Sanctions, coercive diplomacy & economic statecraft
Sanctions, coercive diplomacy and economic statecraft for diplomatic-track exams: legal bases, instruments, theory of coercion, and dated case studies.
The spectrum of economic statecraft
Economic statecraft is the use of economic instruments to pursue foreign-policy and security objectives. The instruments range across a coercion-inducement spectrum: positive measures (aid, preferential trade, debt relief, most-favoured-nation status) and negative measures (tariffs, embargoes, asset freezes, export controls, secondary sanctions, and exclusion from financial messaging systems such as SWIFT). Sanctions are the sharpest negative tool short of force.
Legal architecture
Three legal tiers must be distinguished. First, UN Security Council sanctions rest on Chapter VII of the UN Charter—Article 41 authorises 'measures not involving the use of armed force,' including complete or partial interruption of economic relations. These are binding on all member states under Article 25. Comprehensive Chapter VII regimes were imposed on Southern Rhodesia (Resolution 232, 1966), Iraq (Resolution 661, 1990), and the arms embargo on the former Yugoslavia (Resolution 713, 1991). After humanitarian damage in Iraq, the Council shifted toward targeted or 'smart' sanctions—asset freezes and travel bans on named individuals and entities (the Al-Qaida/ISIL regime under Resolution 1267, 1999, and successors).
Second, autonomous (unilateral or regional) sanctions are imposed outside the UN. The United States operates under the International Emergency Economic Powers Act (IEEPA, 1977) and the Trading with the Enemy Act (1917), administered by the Treasury's Office of Foreign Assets Control (OFAC), which maintains the Specially Designated Nationals (SDN) list. The Global Magnitsky Act (2016) targets human-rights abusers and the corrupt. The European Union acts through Common Foreign and Security Policy (CFSP) decisions under Article 29 TEU, implemented by Council regulations under Article 215 TFEU.
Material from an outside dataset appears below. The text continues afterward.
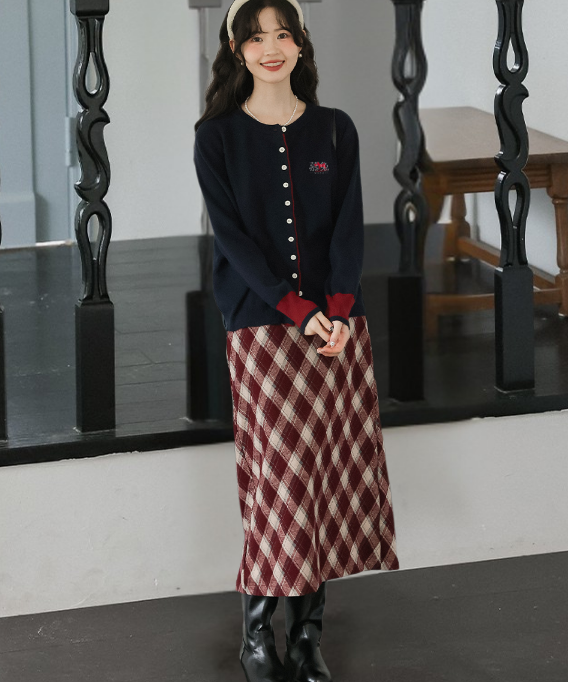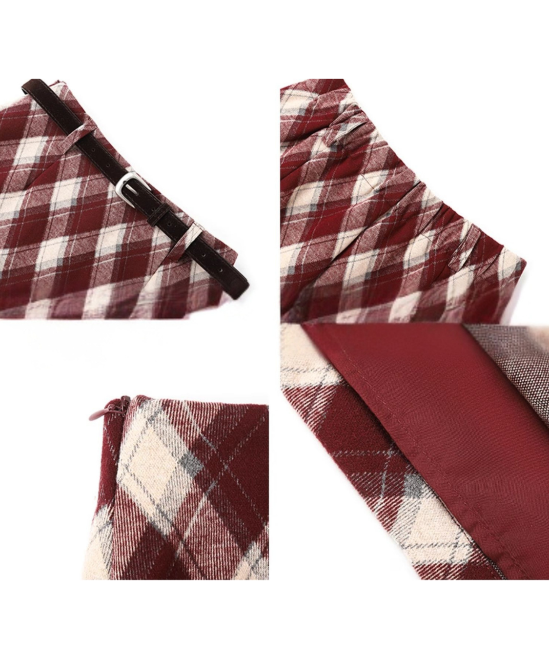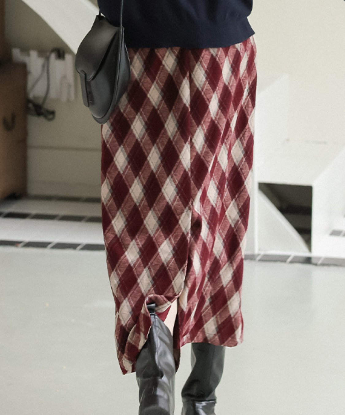 大きめのチェック柄が目を引く、クラシカルなムード漂うAラインスカートです。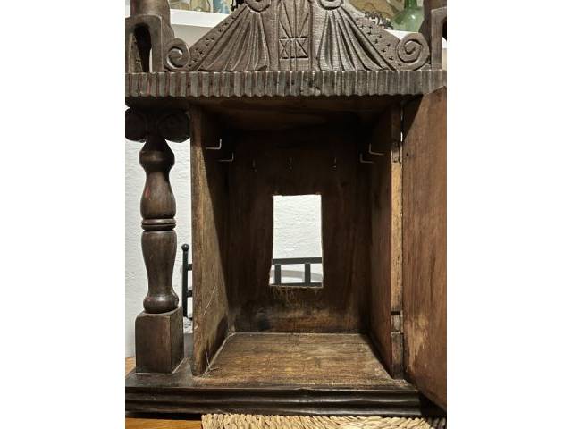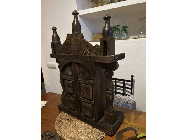 Holz Schlüsselkasten /-Schränkchen, Wandaufhängung oder zum Stellen, innen Haken für Schlüssel oder Sonstiges, auf der Rückseite wurde ein Loch für einen Schalter ausgesägt, dies kann leicht wieder geflickt werden, Maße Höhe 60 cm, Breite 43 cm, Tiefe 20 cm, Standort Capdepera

Third, secondary sanctions penalise third-country persons for dealing with a sanctioned target, leveraging the centrality of the US dollar. The Comprehensive Iran Sanctions, Accountability, and Divestment Act (CISADA, 2010) and CAATSA (2017, targeting Russia, Iran, and North Korea) are the leading examples. The EU's Blocking Statute (Regulation 2271/96, reactivated 2018) attempts to shield European firms from extraterritorial US measures.
Why instruments are chosen
Sanctions are attractive because they signal resolve, impose costs without troops, and can be calibrated and reversed. They are weak because targets adapt: sanctioned states pursue import substitution, sanctions-busting via third parties, and alternative payment rails. Authoritarian regimes can shift the burden onto populations while elites are insulated—the rationale for targeting elites directly. The candidate should hold the distinction between comprehensive, sectoral (e.g., the 2014 EU/US measures on Russian energy and finance after Crimea), and targeted regimes, and know which authority underpins each.